◆ **Exercise goal**
The copy should hold only the line containing "Hombre con arma" and the lines after it through the end of the material, each exact, with no pictures.

◆ **Dataset section**
......
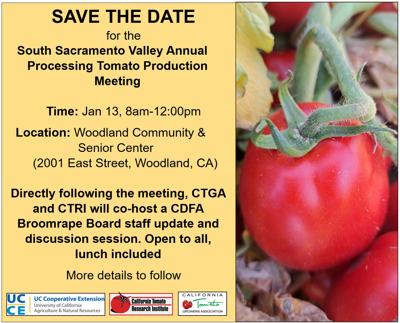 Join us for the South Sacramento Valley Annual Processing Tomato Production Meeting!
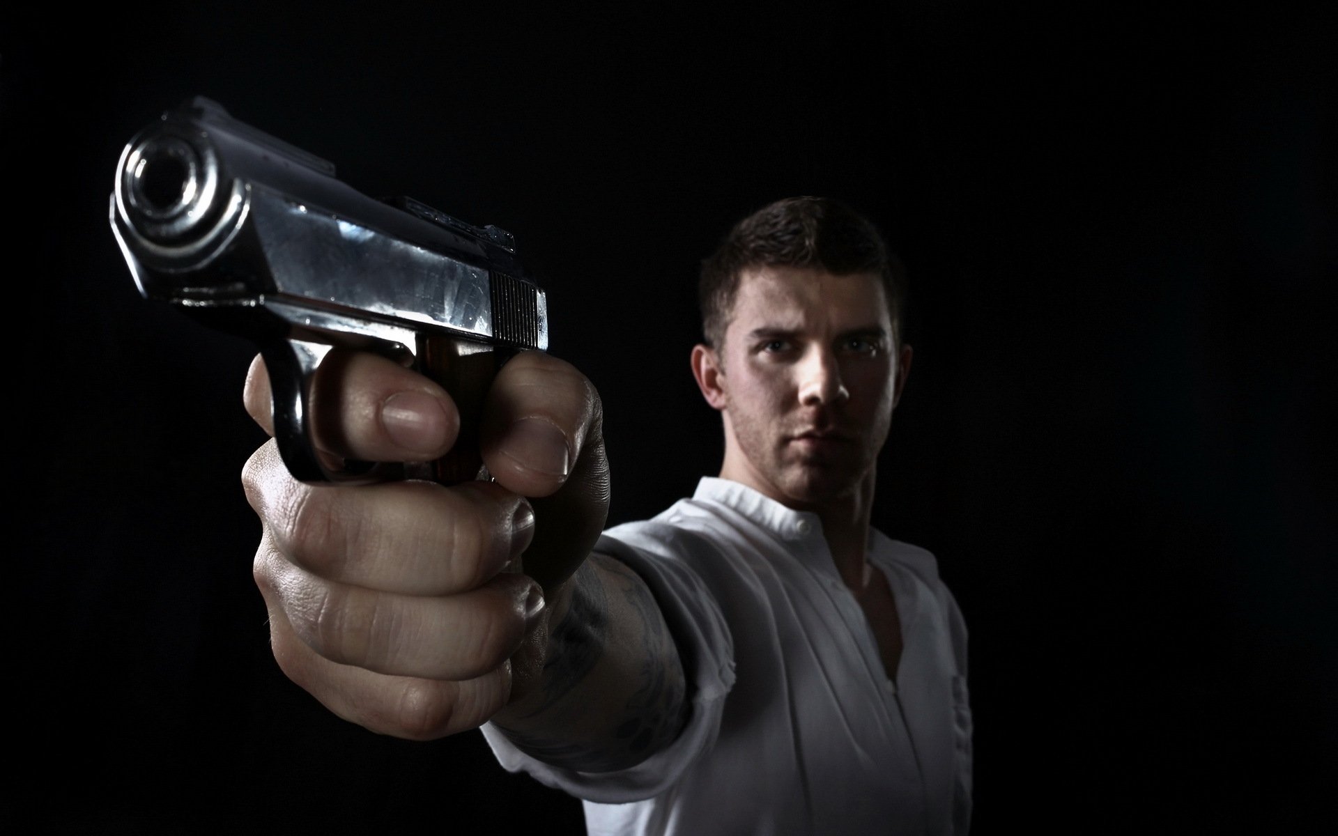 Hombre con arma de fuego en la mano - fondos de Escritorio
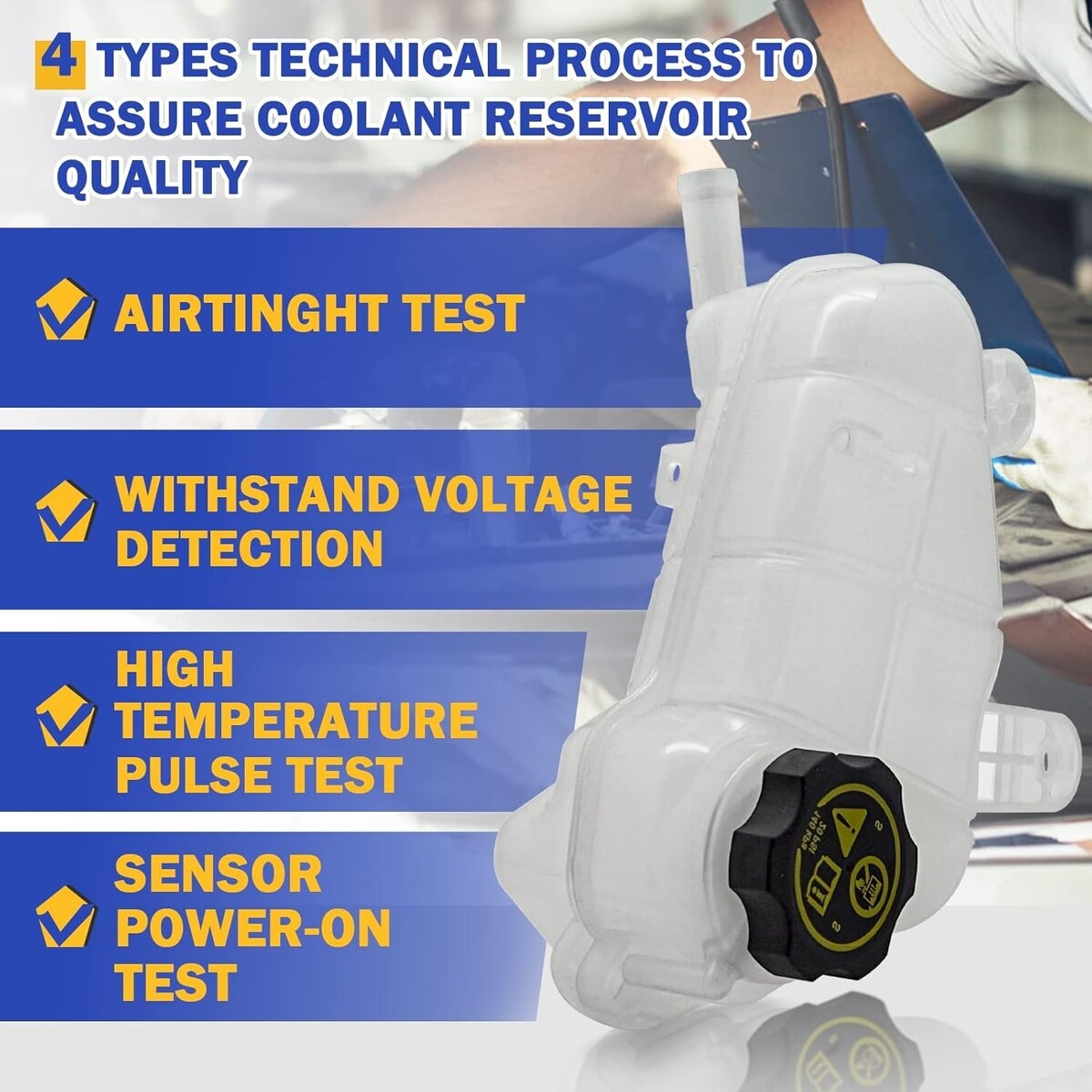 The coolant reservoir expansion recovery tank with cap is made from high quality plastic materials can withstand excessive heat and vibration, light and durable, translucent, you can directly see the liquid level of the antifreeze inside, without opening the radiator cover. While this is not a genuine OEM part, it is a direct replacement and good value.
......
◆ **Task response**
 Hombre con arma de fuego en la mano - fondos de Escritorio
 The coolant reservoir expansion recovery tank with cap is made from high quality plastic materials can withstand excessive heat and vibration, light and durable, translucent, you can directly see the liquid level of the antifreeze inside, without opening the radiator cover. While this is not a genuine OEM part, it is a direct replacement and good value.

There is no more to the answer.